Requirement:
Nothing in the data should change when you return it, but leave the pictures out.

Dataset extract:
**********

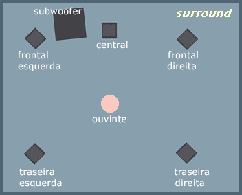 O esquema mais comum, principalmente em home theaters, emprega 6 caixas de som, 3 delas localizadas à frente do ouvinte: uma à sua esquerda, outra à sua direita e a terceira na posição intermediária (central) entre as duas (left, center, right). Duas outras caixas são colocadas atrás do ouvinte, uma à esquerda e outra à direita (left rear, right rear). E a sexta caixa não tem posição determinada: especializada em reproduzir sons graves, sua localização em relação ao ouvinte não é tão importante, pois o ouvido humano é muito pouco sensível à identificação do local de origem de sons graves do que de sons de outras frequências, como os médios e agudos. Geralmente 5 das 6 caixas tem construção idêntica: de tamanho normalmente pequeno, são especializadas na reprodução dos sons médios e agudos. A caixa que reproduz os sons graves é bem maior e mais pesada; com aspecto de um cubo, é conhecida como subwoofer. A figura abaixo ilustra uma disposição típica para essas caixas:
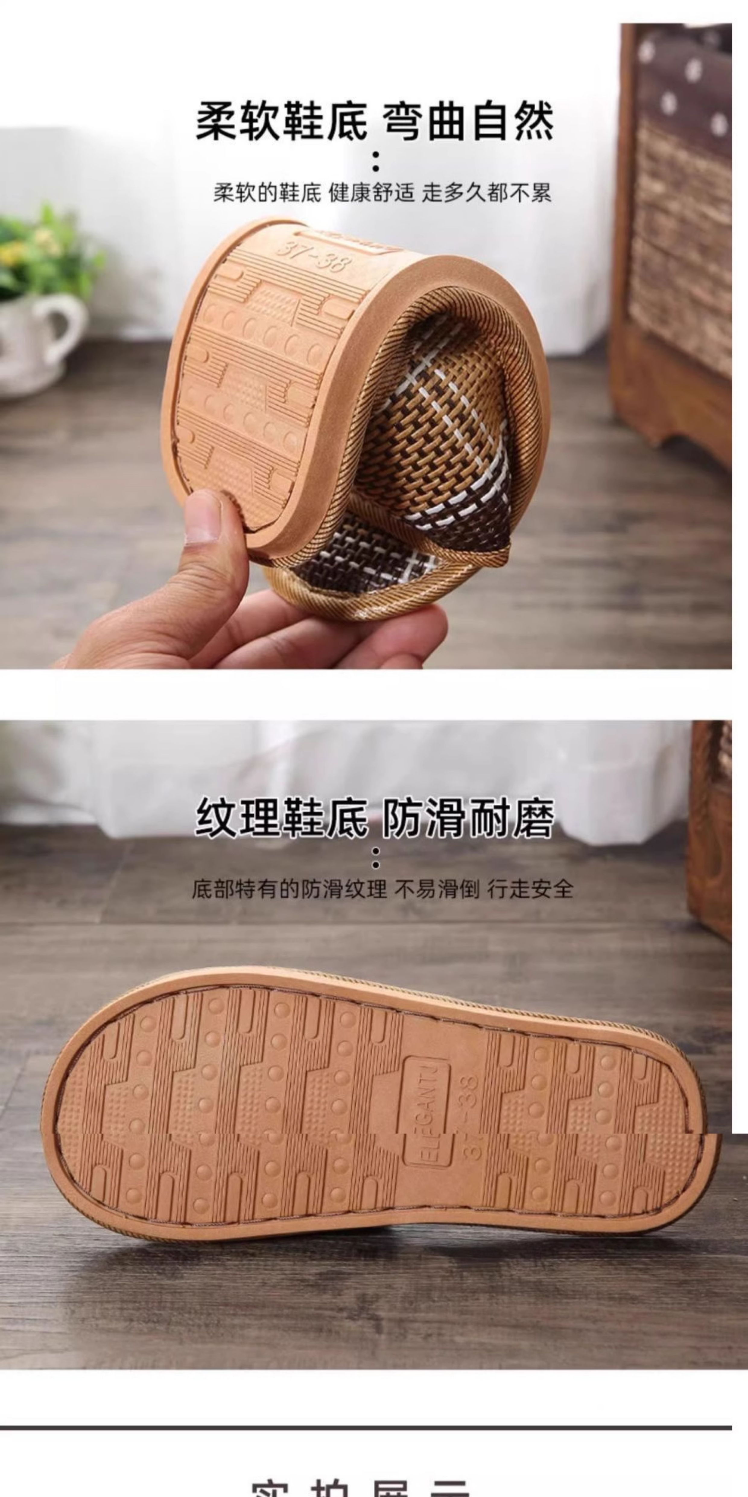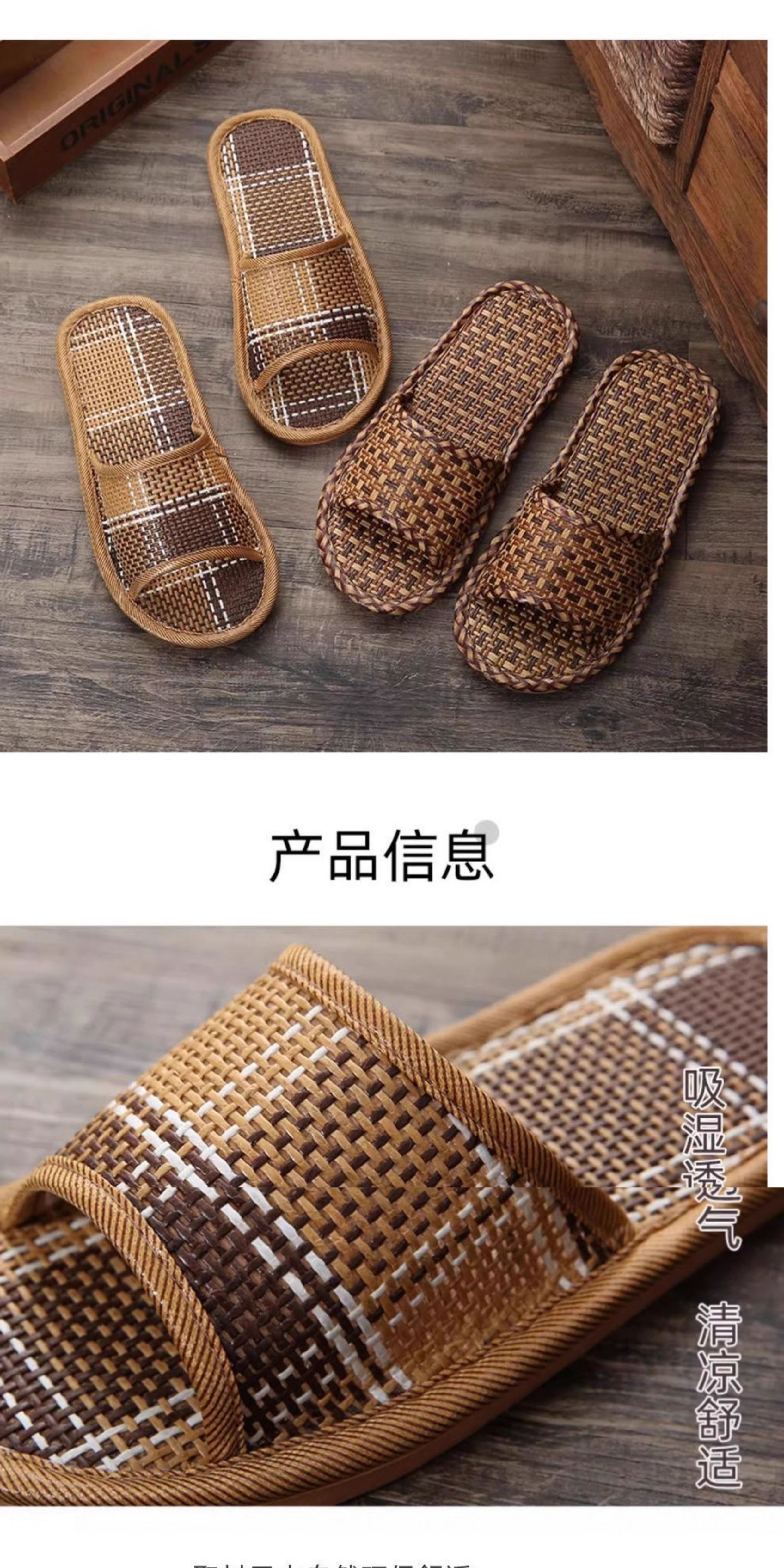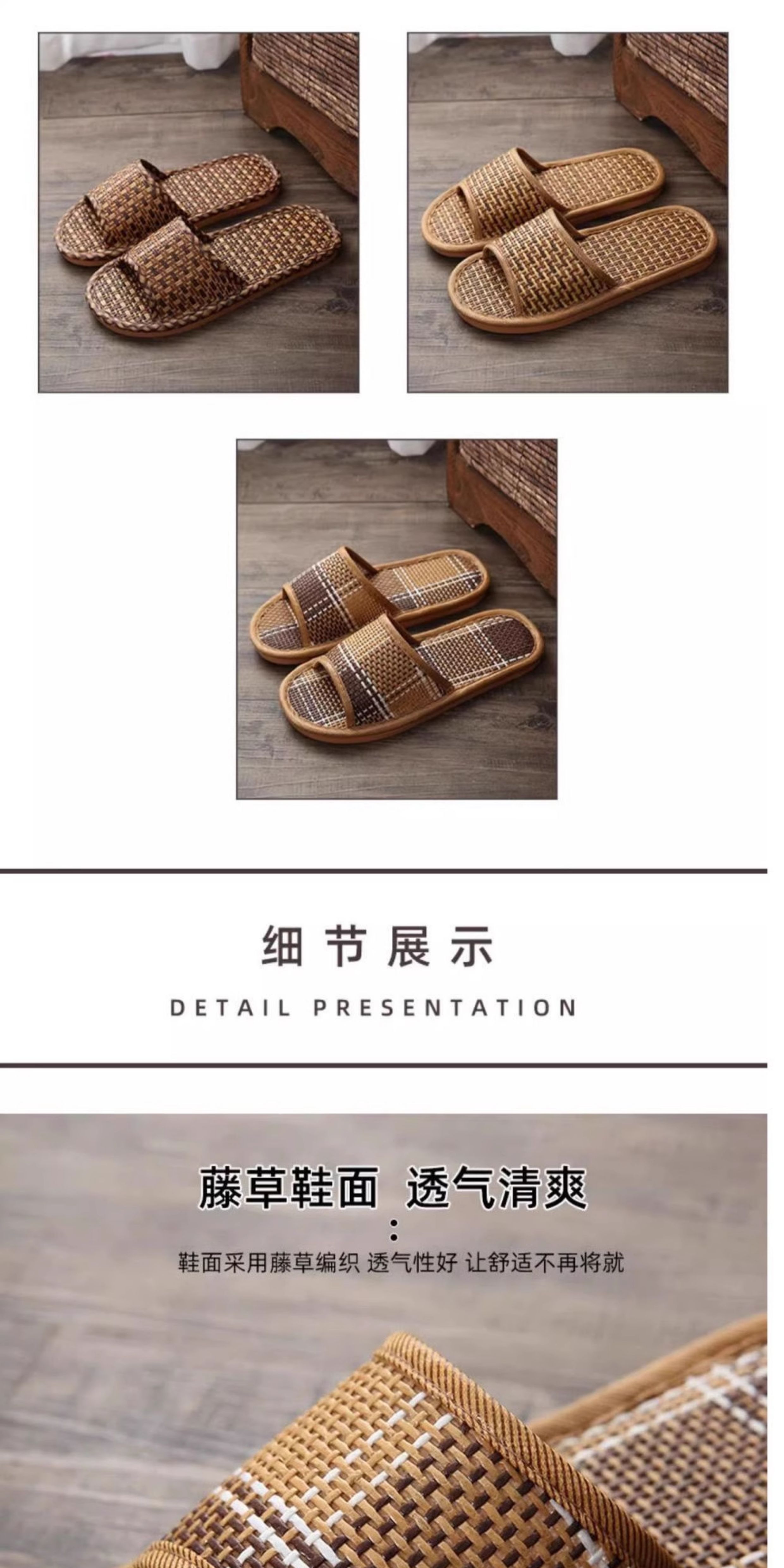 Household Summer Straw Linen Rattan Grass Men's and Women's Indoor Slippers Cool Straw Mat Home Non-Slip Floor Slippers Tj
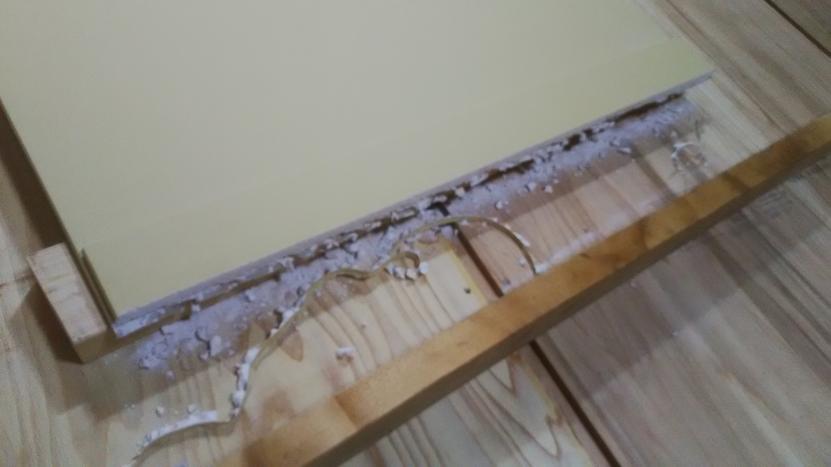 真ん中んのとこにもコンパネの切れっぱしを打ち付けるのですが、、、

**********

Answer box:
 O esquema mais comum, principalmente em home theaters, emprega 6 caixas de som, 3 delas localizadas à frente do ouvinte: uma à sua esquerda, outra à sua direita e a terceira na posição intermediária (central) entre as duas (left, center, right). Duas outras caixas são colocadas atrás do ouvinte, uma à esquerda e outra à direita (left rear, right rear). E a sexta caixa não tem posição determinada: especializada em reproduzir sons graves, sua localização em relação ao ouvinte não é tão importante, pois o ouvido humano é muito pouco sensível à identificação do local de origem de sons graves do que de sons de outras frequências, como os médios e agudos. Geralmente 5 das 6 caixas tem construção idêntica: de tamanho normalmente pequeno, são especializadas na reprodução dos sons médios e agudos. A caixa que reproduz os sons graves é bem maior e mais pesada; com aspecto de um cubo, é conhecida como subwoofer. A figura abaixo ilustra uma disposição típica para essas caixas:
 Household Summer Straw Linen Rattan Grass Men's and Women's Indoor Slippers Cool Straw Mat Home Non-Slip Floor Slippers Tj
 真ん中んのとこにもコンパネの切れっぱしを打ち付けるのですが、、、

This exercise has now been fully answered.